To implement this solution, you must have the following prerequisites:

An AWS account with local credentials is configured. For more information, check the documentation on configuration and credential file settings.
The latest version of the AWS Command Line Interface (AWS CLI).
An IAM user with Git credentials.
A Git client to clone the source code provided.
A Bash shell.

Docker installed on your localhost.

Terraform installed on your localhost.

Deploying the Terraform templates

The solution is available in this GitHub repository with the following structure:

data: Contains a sample dataset to be used with the solution for demonstration purposes.

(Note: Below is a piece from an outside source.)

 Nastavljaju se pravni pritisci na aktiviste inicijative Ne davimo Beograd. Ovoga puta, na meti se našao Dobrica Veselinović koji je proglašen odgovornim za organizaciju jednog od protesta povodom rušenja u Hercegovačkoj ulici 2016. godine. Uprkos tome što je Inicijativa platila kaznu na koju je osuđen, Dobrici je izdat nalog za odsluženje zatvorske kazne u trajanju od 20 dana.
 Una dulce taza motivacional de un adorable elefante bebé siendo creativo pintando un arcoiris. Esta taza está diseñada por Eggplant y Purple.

Information on fictional transactions, identities and devices is represented in files within the nodes/ folder, and relationships between them are represented in files in the edges/ folder.
terraform: This folder contains the Terraform modules to deploy the solution.
documents: This folder contains the architecture diagram image file of the solution.

Create a local directory called NeptuneOpenSearchDemo and clone the source code repository:

mkdir -p $HOME/NeptuneOpenSearchDemo

cd $HOME/NeptuneOpenSearchDemo

git clone https://github.com/aws-samples/neptune-fraud-detection-with-opensearch.git

Change directory into the Terraform directory:

cd $HOME/NeptuneOpenSearchDemo neptune-fraud-detection-with-opensearch /terraform

Make sure that the Docker daemon is running:

docker info

If the previous command outputs an error that is unable to connect to the Docker daemon, start Docker and run the command again.

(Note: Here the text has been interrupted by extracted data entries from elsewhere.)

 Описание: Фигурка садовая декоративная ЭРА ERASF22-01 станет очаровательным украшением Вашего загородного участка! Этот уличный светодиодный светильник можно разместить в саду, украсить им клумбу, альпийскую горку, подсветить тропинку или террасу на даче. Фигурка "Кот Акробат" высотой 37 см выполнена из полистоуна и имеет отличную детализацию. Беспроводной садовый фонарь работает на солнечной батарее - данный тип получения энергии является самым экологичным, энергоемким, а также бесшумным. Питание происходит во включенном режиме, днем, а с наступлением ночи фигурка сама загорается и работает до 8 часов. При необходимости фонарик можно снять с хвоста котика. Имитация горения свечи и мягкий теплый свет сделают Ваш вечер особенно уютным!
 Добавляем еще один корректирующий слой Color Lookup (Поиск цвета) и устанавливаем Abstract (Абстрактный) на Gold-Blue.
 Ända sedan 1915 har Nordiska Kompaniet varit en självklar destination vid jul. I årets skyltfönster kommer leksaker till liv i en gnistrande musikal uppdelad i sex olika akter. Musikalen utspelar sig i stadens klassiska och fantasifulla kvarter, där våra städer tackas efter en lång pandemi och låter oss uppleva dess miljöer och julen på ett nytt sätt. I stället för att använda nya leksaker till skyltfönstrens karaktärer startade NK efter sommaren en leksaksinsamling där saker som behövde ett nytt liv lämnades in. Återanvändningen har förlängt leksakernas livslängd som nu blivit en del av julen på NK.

Initialize the Terraform folder to install required providers:

terraform init

The solution is deployed on us-west-2 by default. The user can change this behavior by modifying the variable “region” in variables.tf file.

Deploy the AWS services:

terraform apply -auto-approve

Note: Deployment will take around 30 minutes due to the time necessary to provision the Neptune and OpenSearch Service clusters.

To retrieve the name of the S3 bucket to upload data to:

aws s3 ls | grep “neptunestream-loader.*d$”

Upload node data to the S3 bucket obtained in the previous step:

aws s3 cp $HOME/NeptuneOpenSearchDemo/neptune-fraud-detection-with-opensearch /data s3:// neptunestream-loader-us-west-2-123456789012 –recursive

Note: This is a sample dataset for demonstration purposes only created from the IEEE-CIS Fraud Detection dataset.

Test the solution

After the solution is deployed and the dataset is uploaded to S3, the dataset can be retrieved and explored through a Lambda function that sends a search request to the OpenSearch Service cluster.

Confirm the Lambda function that sends a request to OpenSearch was deployed correctly:

aws lambda get-function –function-name NeptuneStreamOpenSearchRequestLambda –-query ‘Configuration.[FunctionName, State]’

Invoke the Lambda function to see all records present in OpenSearch that are added from Neptune:

aws lambda invoke –function-name NeptuneStreamOpenSearchRequestLambda response.json

The results of the Lambda invocation are stored in the response.json file. This file contains the total number of records in the cluster and all records ingested up to that point. The solution stores records in the index amazon_neptune. An example of a node with device information looks like this:

{
“_index”: “amazon_neptune”,
“_type”: “_doc”,
“_id”: “1fb6d4d2936d6f590dc615142a61059e”,
“_score”: 1.0,
“_source”: {
“entity_id”: “d3”,
“document_type”: “vertex”,
“entity_type”: [
“vertex”
],
“predicates”: {
“deviceType”: [
{
“value”: “desktop”
}
],
“deviceInfo”: [
{
“value”: “Windows”
}
]
}
}
}

Cleaning up

To avoid incurring future charges, clean up the resources deployed in the solution:

terraform destroy –auto-approve

The command will output information on resources being destroyed.

Destroy complete! Resources: 101 destroyed.

Conclusion

Fraud graphs are complementary to other techniques organizations can use to detect and prevent fraud. The solution presented in this blog post reduces the time financial analysts would take to access transactional data by automating data ingestion and replication. It also improves performance for systems with growing volumes of data when compared to executing a large number of insert statements or other API calls.